Definition
False sensations produced by the eyes and the inner ear that cause a pilot to incorrectly perceive the aircraft's attitude, position, or motion in space, especially when outside visual references are reduced or lost. These illusions arise because the human balance and vision systems were designed for movement on the ground, not for the sustained accelerations, banks, and three-dimensional motion of flight, and they can cause a pilot to believe the aircraft is doing something different from what the instruments show.
Plain English
Tricks your eyes and inner ear play on you in flight that make you feel like the aircraft is doing one thing when it's actually doing another.

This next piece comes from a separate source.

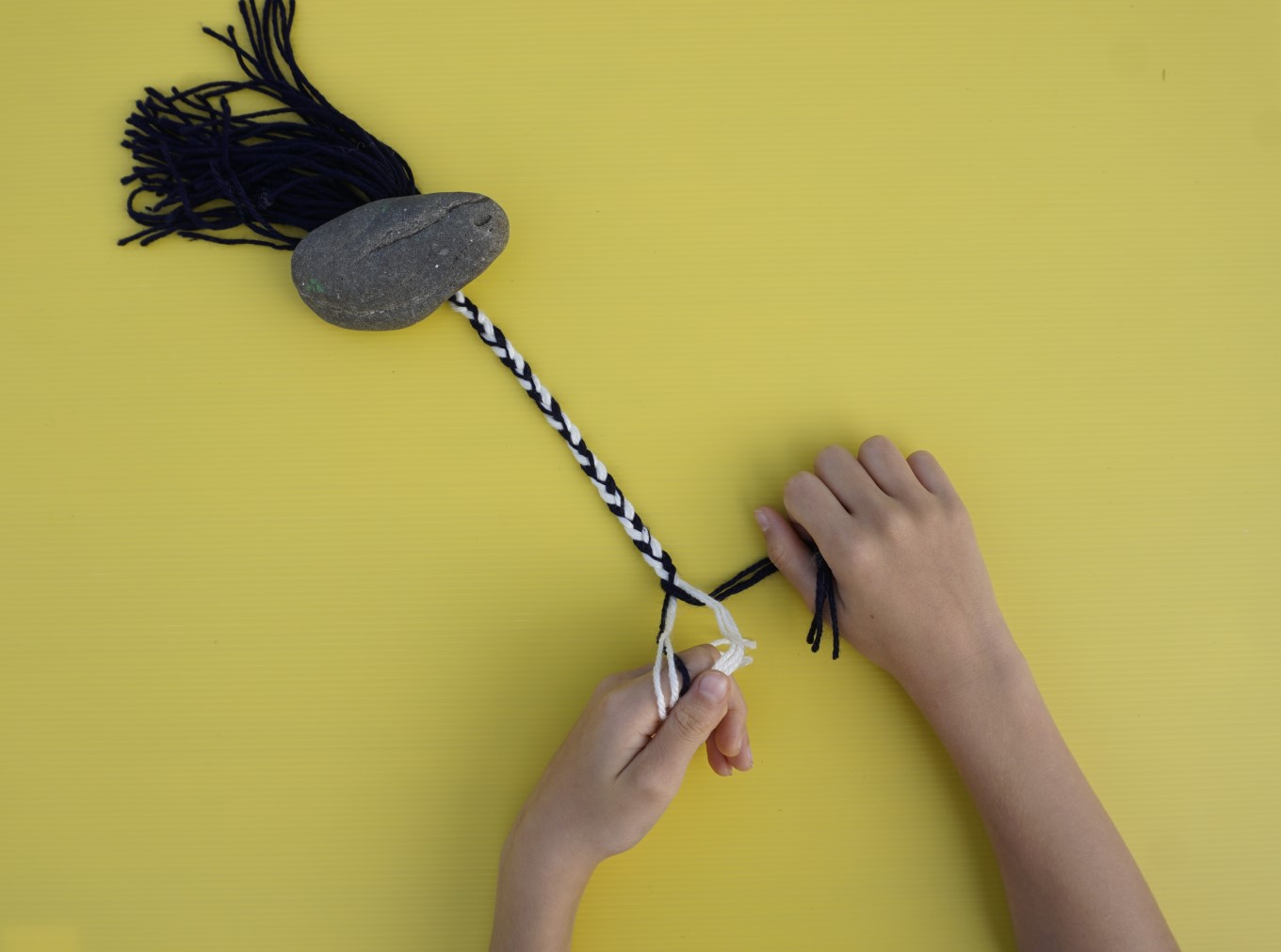 Place an object like a rock on the tassel end of your poi, then divide your wool into three groups with three strands of wool each. Plait them together, leaving some around 10cm loose at the end.

They become dangerous when you can't see a clear horizon and start trusting the false feeling instead of your instruments.
Context Anchor
Seen in instrument flying, night flying, cloud, haze, and any situation where the pilot cannot use a clear natural horizon.
Derivation
An illusion is something perceived that isn't really happening as it appears. Spatial means relating to position in space, and disorientation means losing your sense of where you are or which way is up. Together: false perceptions that cause a pilot to lose track of the aircraft's true attitude or position.
Why Pilots Care
Unrecognized illusions can lead to loss of aircraft control and fatal accidents if the pilot fails to rely on instruments.
Analogy
Like sitting in a parked train that feels like it is moving forward when the train beside you pulls away.
Grounding Statement
In cloud or darkness, your body may feel straight and level even when the airplane is actually turning.
Intuition Check
Do not assume an illusion means the pilot is imagining things or being careless. In aviation, an illusion can be a normal false signal from the eyes or body, and it can feel completely real.
Example Sentence 1
After entering the clouds, the pilot felt the aircraft was banking left, but the attitude indicator showed wings level, a classic example of the illusions leading to spatial disorientation.
Example Sentence 2
Training covers illusions leading to spatial disorientation so pilots learn to ignore false sensations during night or IMC flight.